The task
Restate word for word the lines below from the one that has "值得一提的是,在今年的618" through the one that has "수령즉시 연락 부탁드리겠습니다.)", keeping both and dropping all pictures.

Items listed in a dataset

· · · ·

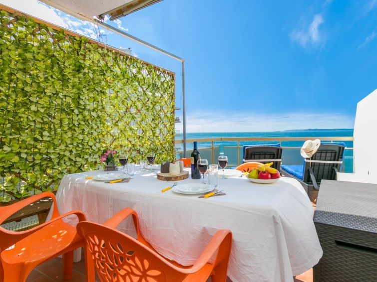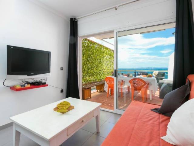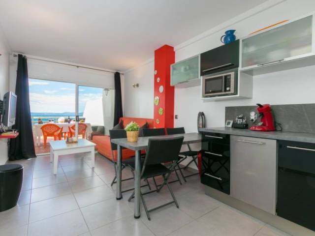 CANYELLES PETITES a 2 km de ROSES: Casa de apartamentos "MEDA CHICA", agradable, confortable. En el barrio de Canyelles Petites, a 1.5 km del centro de Roses, lugar tranquilo, soleado, zona con poco tráfico, a 30 m del mar, acceso directo a la playa. Tienda, supermercado 600 m, restaurante, bar 400 m, parada de autobús "Roses" 3 km, estación de tren "Figueres" 20 km, playa de arena "Canyelles Petites", cala para bañarse 200 m. Puerto deportivo, puerto para yates 900 m, campo de golf (18 hoyos) 15 km, escuela de surf 1.5 km, escuela de vela 1.5 km, minigolf 2 km. Atracciones en los alrededores: Parque Acuático Roses 6 km, Monasterio Sant Pere de Rodes 23 km, Castillo de Peralada 24 km, Museo Dalí Figueres 24 km, Centro paracaidismo Skydive 11 km, Cadaqués 15 km. A tener en cuenta: coche recomendable, sin ascensor. Apartamento de 2 estancias 33 m2, orientación suroeste. Luminoso, parcialmente reformado, con mobiliario funcional y agradable: salón-comedor con 1 sofá-cama, mesa de comedor, TV satélite, TV digital y ventilador. Salida a la terraza, orientación sur y orientación oeste. 1 dorm., abierto con 1 cama de matrimonio. Cocina abierta (horno, lavavajillas, 3 placas de vitrocerámica, microondas, congelador, cafetera eléctrica). Ducha/WC. Ningún tipo de calefacción. Terraza grande. Muebles de terraza. Vista panorámica espléndida al mar. A tener en cuenta: TV solamente FR, ES, DE. Sin ascensor. HUTG038509
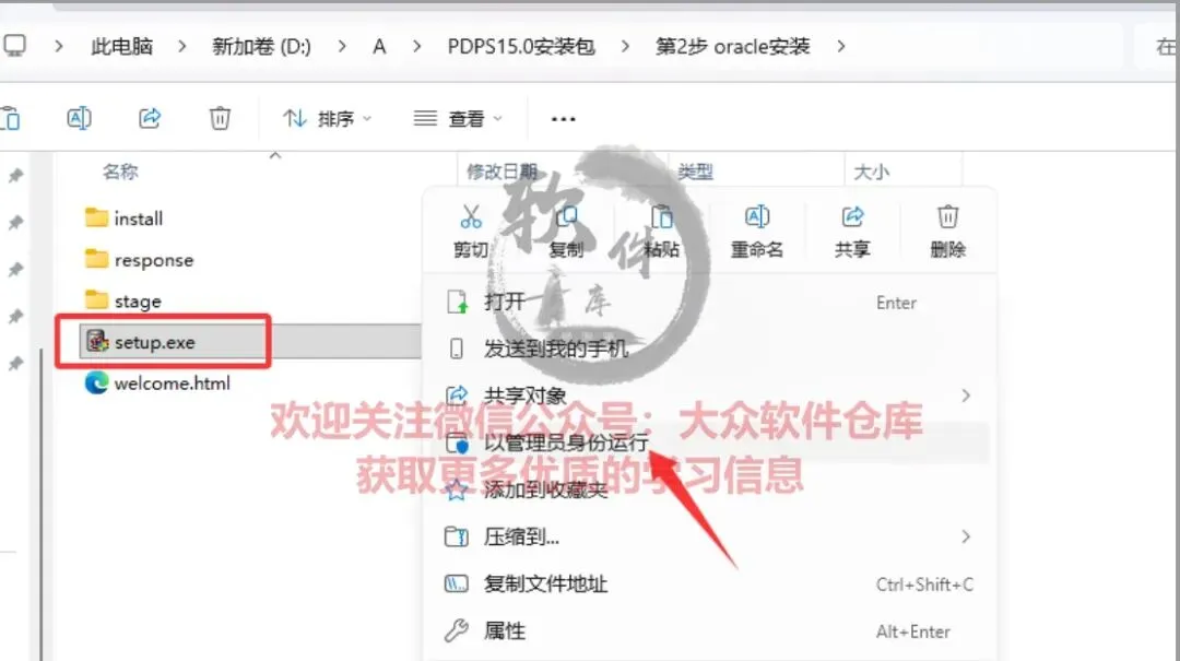 7.双击打开第2步 oracle安装文件夹,管理员身份运行setup程序;
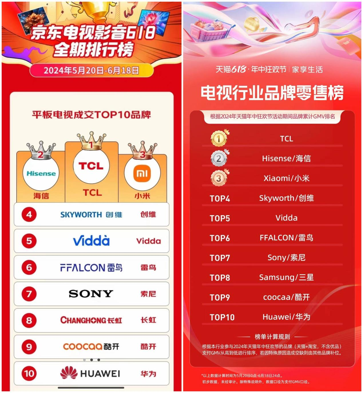 值得一提的是,在今年的618购物节期间,TCL电视以其出色的性能和品质,展现出了卓越的竞争力。在京东电视影音618全期排行榜中,TCL电视成功跻身成交排名榜首。同时,在天猫618电视行业品牌要售榜上,TCL更是凭借最高的支付GMV脱颖而出,荣获排名TOP1的荣誉。这一系列优异表现不仅凸显了TCL品牌的强大实力,也彰显其在消费者心中的首选地位。
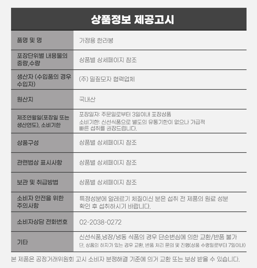 • 신선식품의 경우 재판매가 불가능한 제품 특성상 단순변심 및 개인적 입맛 차이로 인한 반품은 불가능하며 제품 수령 후 문제가 있는 경우 이상부분 사진 촬영하여 수령하신 날짜 기준 2일 이내 연락해주셔야합니다.(기일은 업체별 상이할 수 있으니 수령즉시 연락 부탁드리겠습니다.)
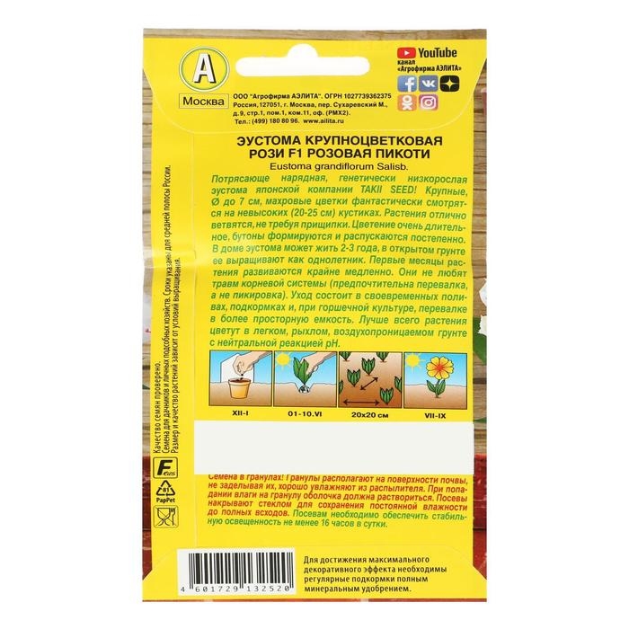 Потрясающе нарядная генетически низкорослая эустома японской селекции! Крупные, до 7 см в диаметре, махровые цветы фантастически смотрятся на невысоких, 20-25 см кустиках. Растения отлично ветвятся, не требуя прищипки. Цветение очень длительное, бутоны формируются и распускаются постепенно. В доме эустома может жить 2-3 года, в открытом грунте её выращивают как однолетник. Первые месяцы растения развиваются крайне медленно. Они не любят травм корневой системы (предпочительна перевалка,а не пикировка). Уход состоит в своевременных поливах, подкормках и, при горшечной культуре, перевалке в более просторную ёмкость. Лучше всего растения цветут в лёгком, рыхлом, воздухопроницаемом грунте с нейтральной реакцией pH.
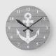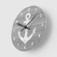 Nautical wall clock | boat anchor and wood panels. Grey and white design with wooden boards and weather navy ship anchor. Maritime gift idea. Beach theme room decor / house decoration.
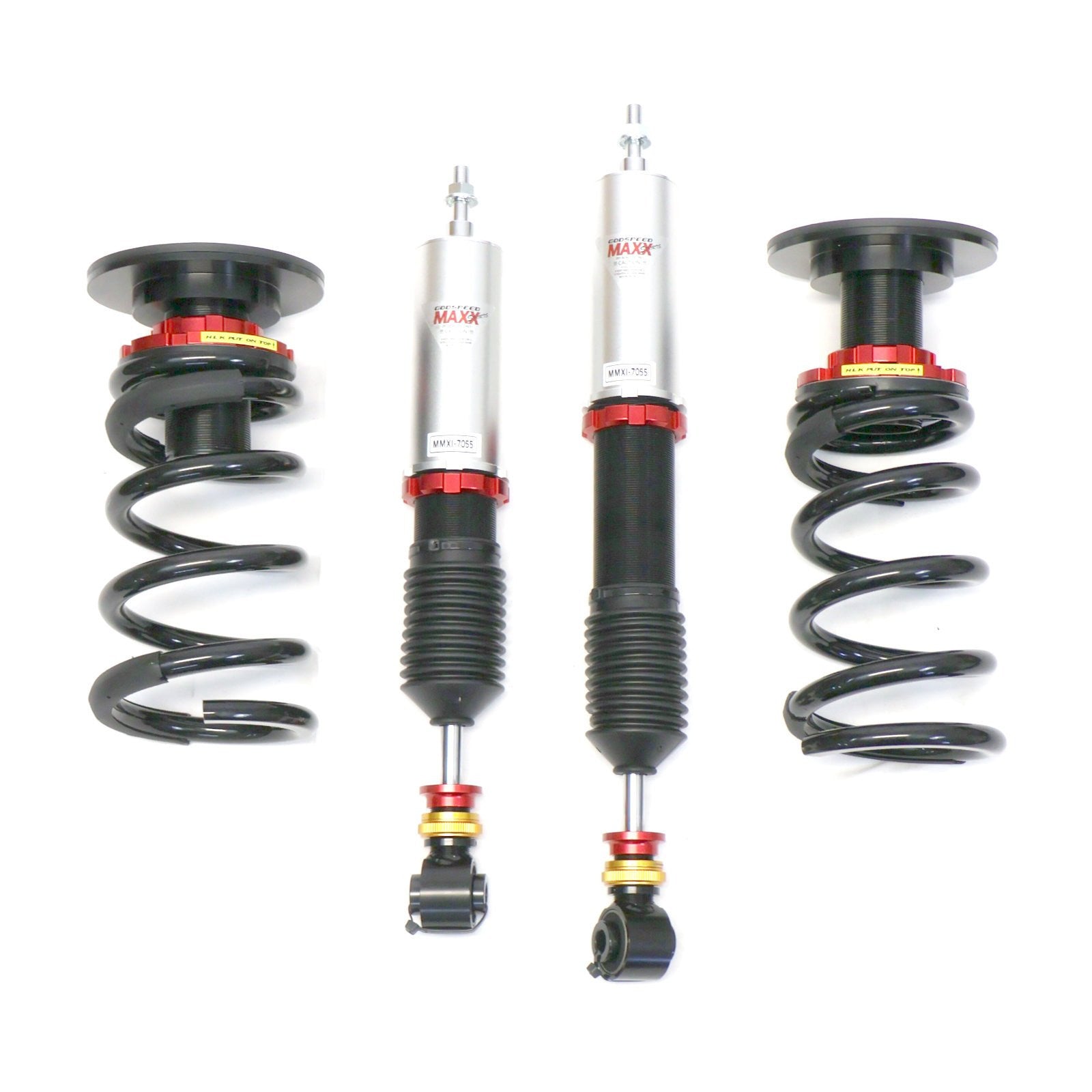 Godspeed Project's MAXX Sports line is engineered to be a more track-oriented coil-over system. Utilized "Inverted" mono-tube shocks to replace where MacPherson struts are used for better rigidity. All mono-tube shocks are finished with anti-corrosion coating and special valving that allows 20-level adjustments to control the rebound damping force. Pillow ball top mounts on four corners provide a far more precise feel from the suspension and steering. High-rigidity steel coil springs provide more control and quick steering to improve the vehicle's overall handling. Aluminum hardware is used where applicable to reduce overall weight.

· · · ·

Answer space
 值得一提的是,在今年的618购物节期间,TCL电视以其出色的性能和品质,展现出了卓越的竞争力。在京东电视影音618全期排行榜中,TCL电视成功跻身成交排名榜首。同时,在天猫618电视行业品牌要售榜上,TCL更是凭借最高的支付GMV脱颖而出,荣获排名TOP1的荣誉。这一系列优异表现不仅凸显了TCL品牌的强大实力,也彰显其在消费者心中的首选地位。
 • 신선식품의 경우 재판매가 불가능한 제품 특성상 단순변심 및 개인적 입맛 차이로 인한 반품은 불가능하며 제품 수령 후 문제가 있는 경우 이상부분 사진 촬영하여 수령하신 날짜 기준 2일 이내 연락해주셔야합니다.(기일은 업체별 상이할 수 있으니 수령즉시 연락 부탁드리겠습니다.)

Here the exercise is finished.